Les pertes de recettes des branches famille et maladie, qui supporteraient ainsi la totalité du coût des allègements de charges, seraient compensées par le transfert d’une part des impôts prélevés par l’Etat (des recettes fiscales leur sont déjà affectées). L’Etat ayant plus de légitimité que les partenaires sociaux pour gérer les risques maladie et famille[5], il doit pouvoir fixer lui-même les modalités de cette compensation financière.
[1] Le taux du CICE sur les salaires de 2013 était de 4 %. Il a été porté à 6 % sur ceux de 2014.
[2] En comptabilité nationale, le CICE est comptabilisé au moment où la créance des entreprises sur l’Etat est constatée, donc en principe en mai N+1 s’agissant des salaires de N. Toutefois, les grandes entreprises qui ne peuvent pas le déduire de l’impôt dû et qui doivent attendre N+4 pour se faire rembourser cette créance peuvent la déclarer pendant les années N+1 à N+3. Le coût du CICE sur les salaires de 2013 est donc étalé sur les années 2014 à 2016.
[3] Même si le CICE sur les salaires de 2017 pourrait entraîner des coûts en comptabilité nationale jusqu’à 2020.

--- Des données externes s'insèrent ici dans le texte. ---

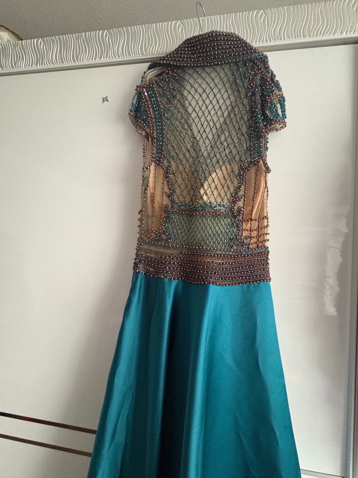Turkuaz renkli, straplez ve kolsuz bu abiye elbise, ince işlemeli boncuklu file detaylarıyla dikkat çeker. Uzun boyu ve sade etek kısmıyla düğünler için uygundur. ✨
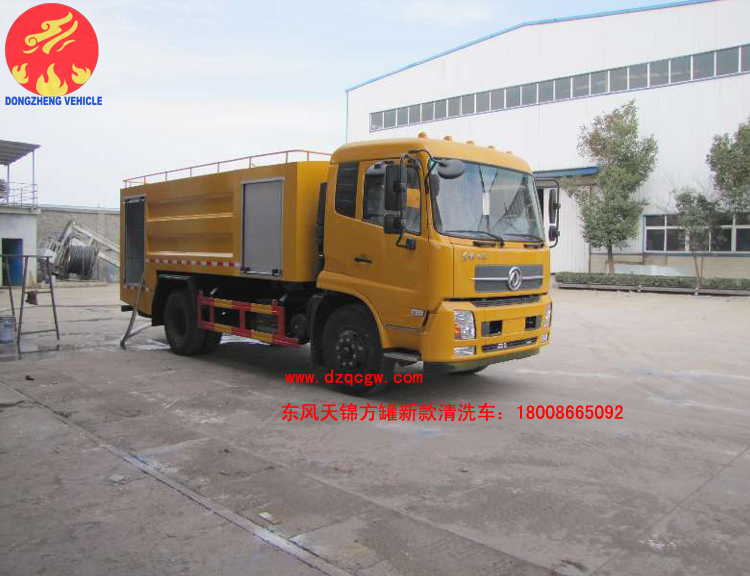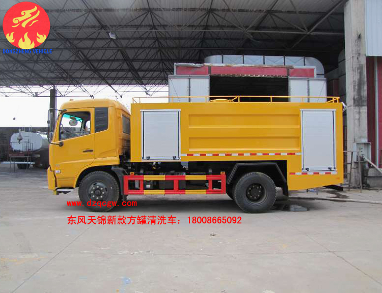 該東風天錦新款方罐清洗車的配置如下:采用3800mm軸距,康機180馬力,內配24Mpa清洗泵,高質量液壓伸縮卷盤。60米高壓管,10個碳鋼噴頭。
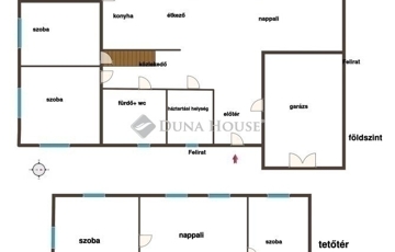 - felső szinten: két hálószoba nappali fürdő wc-vel- gáz-cirkó fűtéssel,

[4] Pour limiter ces versements, si les URSSAF ne veulent pas les assurer, le crédit de cotisation pourrait être en partie imputé sur les cotisations salariales payées par les entreprises aux URSSAF pour le compte de leurs salariés, sans qu’il soit remboursé par les entreprises aux salariés puisqu’il s’agit de diminuer le coût du travail pour les entreprises.
[5] S’agissant de la famille, il prend déjà lui-même toutes les décisions importantes.